Required action. Please write out all of the data below exactly, without including the pictures.

Information supplied.
━━━━━━━━
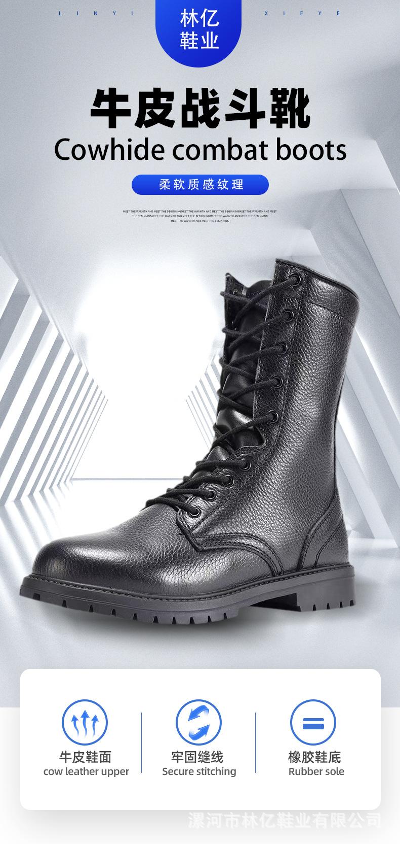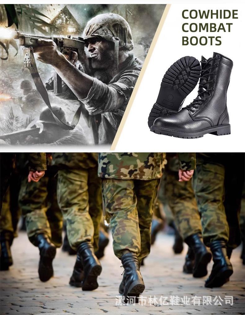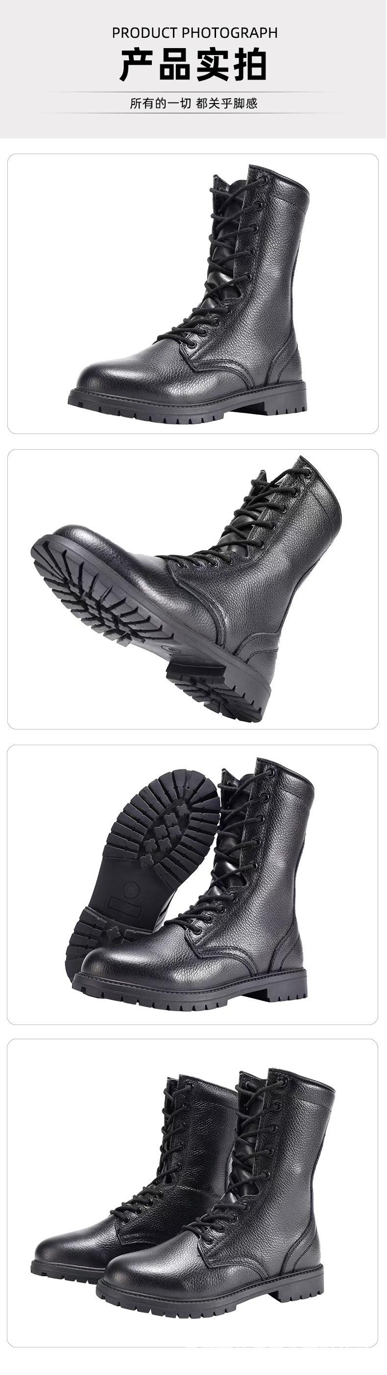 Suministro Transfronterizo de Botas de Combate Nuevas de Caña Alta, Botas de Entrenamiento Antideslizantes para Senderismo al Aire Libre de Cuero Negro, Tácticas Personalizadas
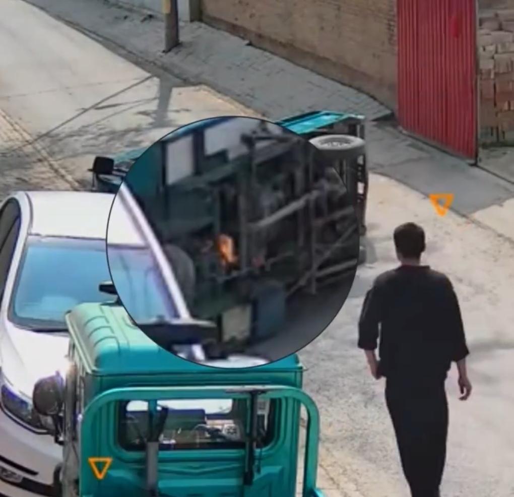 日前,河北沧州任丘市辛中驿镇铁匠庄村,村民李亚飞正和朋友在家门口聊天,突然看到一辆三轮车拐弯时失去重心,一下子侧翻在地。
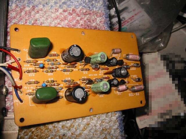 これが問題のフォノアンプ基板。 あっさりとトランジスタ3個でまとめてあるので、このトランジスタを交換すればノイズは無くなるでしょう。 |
━━━━━━━━
Task solution.
 Suministro Transfronterizo de Botas de Combate Nuevas de Caña Alta, Botas de Entrenamiento Antideslizantes para Senderismo al Aire Libre de Cuero Negro, Tácticas Personalizadas
 日前,河北沧州任丘市辛中驿镇铁匠庄村,村民李亚飞正和朋友在家门口聊天,突然看到一辆三轮车拐弯时失去重心,一下子侧翻在地。
 これが問題のフォノアンプ基板。 あっさりとトランジスタ3個でまとめてあるので、このトランジスタを交換すればノイズは無くなるでしょう。 |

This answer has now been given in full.